By Carmel Fisher, Director
12 June, 2017
I was about to have a rant last week about my food delivery arriving late when I checked myself — remembering it was not urgent.
I had plenty of food and, if I really needed something, I could pop to the shop and buy it.
The reason I was disappointed was the supplier had created unrealistic expectations. They would have been better to say delivery would be sometime on Sunday or even Monday. Instead they'd said my parcel would arrive between 1pm and 3pm Sunday; it didn't.
The whole notion of super fast delivery has become massive and I'm not sure why. While it is a pleasant surprise to buy something online and have it delivered within hours, not much is so urgent we can't wait a few days for it.
I remember reading about Amazon trialling taxis for deliveries, to speed up an already very fast delivery service. They've gone one step further, using aerial drones for package drop-offs.
Fast delivery has become an integral component of successful e-commerce — and it's the industry's own fault. They've made us care too much about speed and convenience of delivery.
The MetaPack 2016 Study of E-commerce report found consumers' online purchasing decisions are directly influenced by delivery and returns policy. More than 40 per cent of consumers said, following a negative delivery experience, they wouldn't return to that retailer within a month. More significantly, 38 per cent said they are likely to never shop with that retailer ever again.
The current focus on fast home delivery is like a re-run of the tech bubble of the late 90s.
Back then companies like Webvan, Pets.com and Kozmo.com were the poster children of the dot-com boom and bust. These companies were among many that tried (and failed) to create viable businesses around online ordering and speedy home delivery of groceries, meals, pet supplies and other household items.

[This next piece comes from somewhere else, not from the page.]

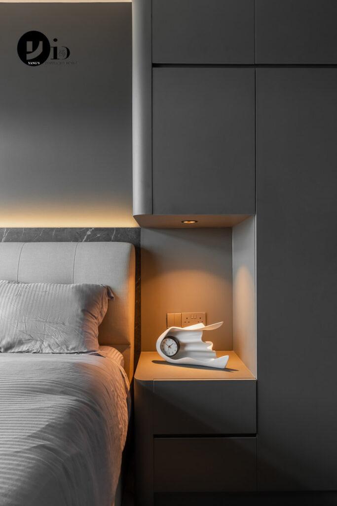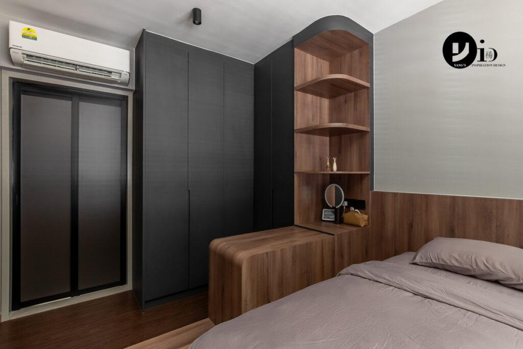 An HDB renovation at Upper Serangoon Road by Jason. With the built-in wardrobe so close to the bed, having soft corners makes the close proximity less of a hazard.

Kozmo promised free one-hour delivery of videos, games, music, magazines, books, food and more. It was formed in 1998 and by 2001 was bankrupt.
Webvan was an online grocery business that delivered to homes within a 30-minute window of the consumer's choosing. It spent US$1 billion on a warehouse and fleet of delivery trucks and, at its peak in 2000, had sales of US$178 million. Unfortunately it had expenses of US$525 million and folded after three years.
Now, 17 years later, a slew of companies are trying to jump on the fast home delivery bandwagon.
In today's time-poor world, we have become accustomed to paying for someone to do the running around for us.
In the US, restaurant/food delivery and home services now account for the biggest number of start-up companies. At least 20 companies offer services for the home, from flower delivery to a laundry service, with at least another dozen firms focusing on food and beverage delivery.
Could today's fast home delivery services go the same way as the dot-com delivery start-ups?
If they don't manage consumer expectations then, to my mind, they absolutely could.
If you claim speedy delivery as a key differentiator, you'd better make sure you can deliver on time. If you've made free delivery part of your competitive offering, don't expect to be able to start charging for it later, even when it becomes hard or expensive to meet consumer expectations.
Or you can just manage expectations and reassure your customers that quality is worth waiting for.